--- BRIEF ---
Using the material below, print a verbatim copy of every line from the one containing "Το δημοσίευμα επισημαίνει" through the one containing "4. Приготовьте заправку: потушите", inclusive, and omit the pictures.

--- SOURCE INFORMATION ---
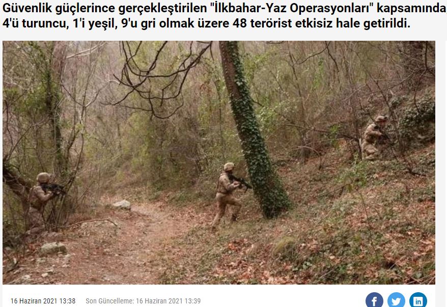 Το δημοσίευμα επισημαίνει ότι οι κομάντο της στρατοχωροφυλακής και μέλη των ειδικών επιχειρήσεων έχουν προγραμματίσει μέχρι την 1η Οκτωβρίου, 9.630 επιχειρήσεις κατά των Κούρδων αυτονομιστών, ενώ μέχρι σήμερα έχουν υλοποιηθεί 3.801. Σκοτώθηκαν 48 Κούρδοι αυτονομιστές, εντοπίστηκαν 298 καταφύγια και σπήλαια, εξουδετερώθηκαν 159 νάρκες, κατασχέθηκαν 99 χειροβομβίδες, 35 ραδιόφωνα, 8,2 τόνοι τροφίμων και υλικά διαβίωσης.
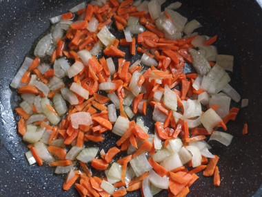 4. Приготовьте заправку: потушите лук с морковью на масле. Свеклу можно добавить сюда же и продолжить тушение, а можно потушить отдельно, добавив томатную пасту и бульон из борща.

---

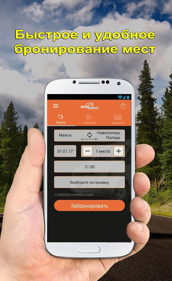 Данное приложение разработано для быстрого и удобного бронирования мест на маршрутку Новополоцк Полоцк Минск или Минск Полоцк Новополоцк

--- ANSWER ---
 Το δημοσίευμα επισημαίνει ότι οι κομάντο της στρατοχωροφυλακής και μέλη των ειδικών επιχειρήσεων έχουν προγραμματίσει μέχρι την 1η Οκτωβρίου, 9.630 επιχειρήσεις κατά των Κούρδων αυτονομιστών, ενώ μέχρι σήμερα έχουν υλοποιηθεί 3.801. Σκοτώθηκαν 48 Κούρδοι αυτονομιστές, εντοπίστηκαν 298 καταφύγια και σπήλαια, εξουδετερώθηκαν 159 νάρκες, κατασχέθηκαν 99 χειροβομβίδες, 35 ραδιόφωνα, 8,2 τόνοι τροφίμων και υλικά διαβίωσης.
 4. Приготовьте заправку: потушите лук с морковью на масле. Свеклу можно добавить сюда же и продолжить тушение, а можно потушить отдельно, добавив томатную пасту и бульон из борща.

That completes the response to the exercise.